The little tube was fascinating, and although there was no one in the next room yet, I could not resist the desire to keep on looking through it.
“Since you are so interested, Walter,” laughed Craig, “we’ll appoint you to take the first shift at watching. Meanwhile we may as well eat since we shall certainly have to pay. When you are tired or hungry I’ll take a turn.”
Kennedy and I had been taking turns at watching through the detectascope while Miss Kendall told us more about how she had come to be associated with the organization to clean up New York.
“We have struck some delicate situations before,” she was saying, “times when it meant either that we must surrender and compromise the work of the investigation or offend an interest that might turn out to be more powerful than we realized. Our rule from the start was, ‘No Compromise.’ You know the moment you compromise with one, all the others hear it and it weakens your position. We’ve made some powerful enemies, but our idea is that as long as we keep perfectly straight and honest they will never be able to beat us. We shall win in the end, because so far it has never come to a show-down, when we appealed to the public itself, that the public had not risen and backed us strongly.”
I had come to have the utmost confidence in Clare Kendall and her frank way of handling a ticklish yet most important subject without fear or prudishness. There was a refreshing newness about her method. It was neither the holier-than-thou attitude of many religionists, nor the smug monopoly of all knowledge of the social worker, nor the brutal wantonness of the man or woman of the world who excuses everything “because it is human nature, always has been and always will be.”
“We have no illusions on the subject,” she pursued. “We don’t expect to change human nature until the individual standard changes. But we are convinced of this—and it is as far as we go and is what we are out to accomplish—and that is that we can, and are going to, smash protected, commercialized vice as one of the big businesses of New York.”

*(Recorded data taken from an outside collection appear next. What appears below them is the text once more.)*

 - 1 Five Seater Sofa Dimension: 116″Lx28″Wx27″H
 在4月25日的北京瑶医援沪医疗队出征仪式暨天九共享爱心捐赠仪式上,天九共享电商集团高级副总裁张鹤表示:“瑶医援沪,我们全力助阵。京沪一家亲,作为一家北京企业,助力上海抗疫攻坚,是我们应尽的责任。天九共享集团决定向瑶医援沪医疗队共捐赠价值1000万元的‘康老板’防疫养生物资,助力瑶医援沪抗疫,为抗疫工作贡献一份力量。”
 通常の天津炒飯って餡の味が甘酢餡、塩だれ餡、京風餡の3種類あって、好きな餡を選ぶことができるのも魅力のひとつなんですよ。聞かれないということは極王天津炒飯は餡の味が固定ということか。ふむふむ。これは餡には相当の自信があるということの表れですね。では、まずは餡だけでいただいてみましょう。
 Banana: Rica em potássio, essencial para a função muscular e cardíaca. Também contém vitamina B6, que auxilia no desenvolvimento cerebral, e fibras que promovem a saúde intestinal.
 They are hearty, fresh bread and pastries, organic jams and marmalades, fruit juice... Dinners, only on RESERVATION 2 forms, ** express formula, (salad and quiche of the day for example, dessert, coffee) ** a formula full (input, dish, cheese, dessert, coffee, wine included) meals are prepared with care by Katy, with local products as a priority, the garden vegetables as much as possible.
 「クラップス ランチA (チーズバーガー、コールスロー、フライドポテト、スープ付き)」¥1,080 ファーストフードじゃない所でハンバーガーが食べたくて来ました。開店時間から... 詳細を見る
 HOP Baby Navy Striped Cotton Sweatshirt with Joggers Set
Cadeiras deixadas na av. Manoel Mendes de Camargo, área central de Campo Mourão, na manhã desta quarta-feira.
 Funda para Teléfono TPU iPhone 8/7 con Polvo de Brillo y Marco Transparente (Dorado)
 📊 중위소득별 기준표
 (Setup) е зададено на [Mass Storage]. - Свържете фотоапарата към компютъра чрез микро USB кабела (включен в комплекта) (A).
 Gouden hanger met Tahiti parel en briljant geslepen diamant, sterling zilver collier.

“Sh-h,” cautioned Kennedy, whose turn it happened to be just then to watch. “Someone has just entered the room.”
“Who is it?” I whispered eagerly.
“A man. I can’t see his face. His back is toward me, but there is something familiar about him. There—he is turning around. For Heaven’s sake—it’s Ike the Dropper!”
We had already recounted to Miss Kendall our experiences in following Dr. Harris to the black and tan joint and the meeting with Ike the Dropper.

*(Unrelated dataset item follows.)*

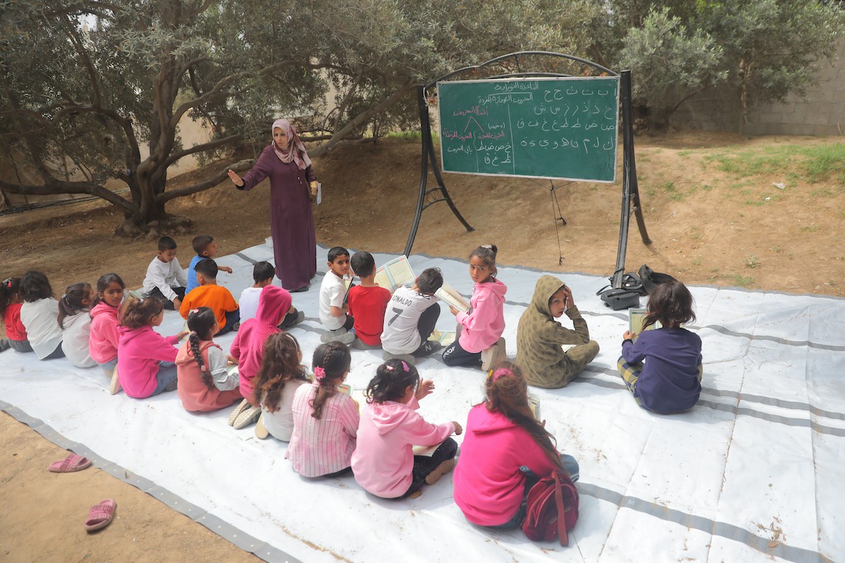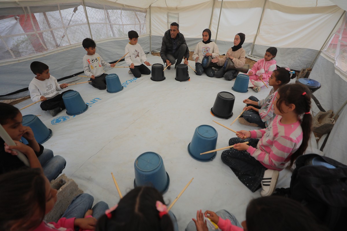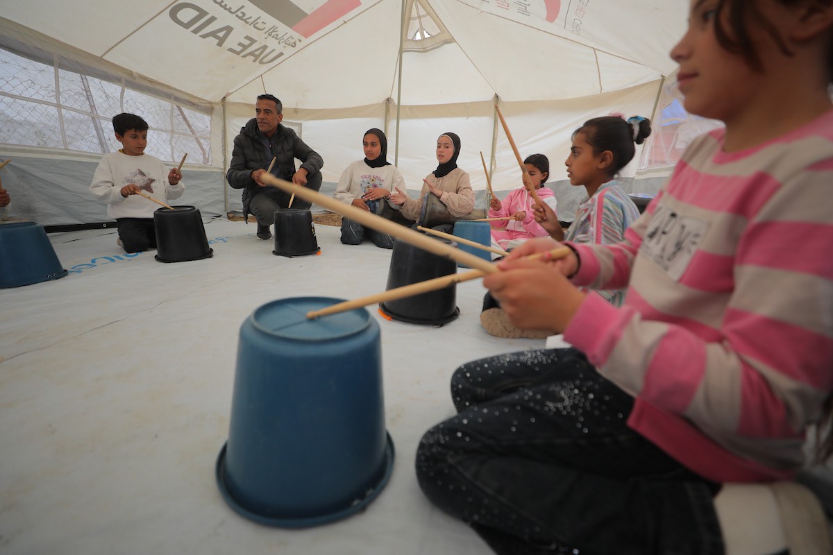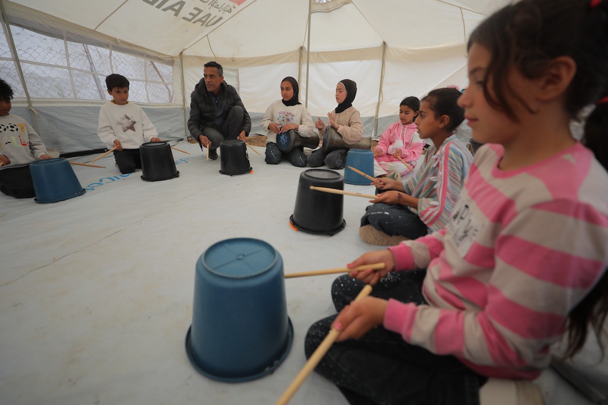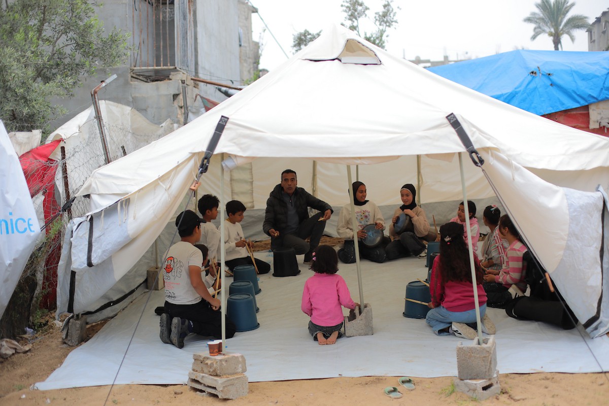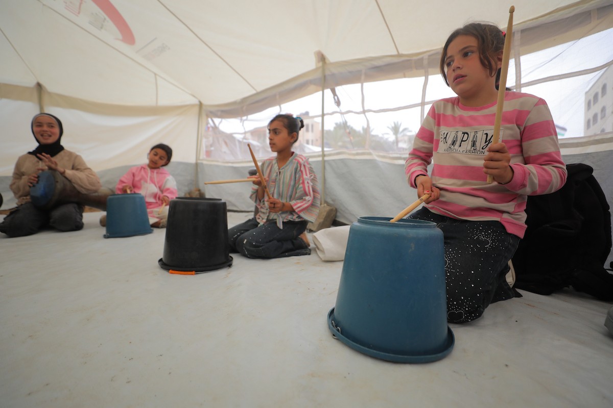 يشارك أطفال فلسطينيون في أنشطة ترفيهية ودعم نفسي اجتماعي في مخيم الزهور للنازحين في مخيم النصيرات للاجئين وسط قطاع غزة، 26 أبريل/نيسان 2026، (تصوير: حسن الجديدي)

“Then Ike the Dropper is the collector for the police or the politicians higher up,” she exclaimed under her breath. “If we learned nothing more, that would be enough. It would tell us whom to watch.”
Hastily we took turns at getting a good look at Ike through the wonderful little detectascope. Then Kennedy resumed his watch, whispering now and then what he saw. Apparently Ike had proceeded to make himself comfortable in the luxurious surroundings of the private dining-room, against the arrival of the graft payers.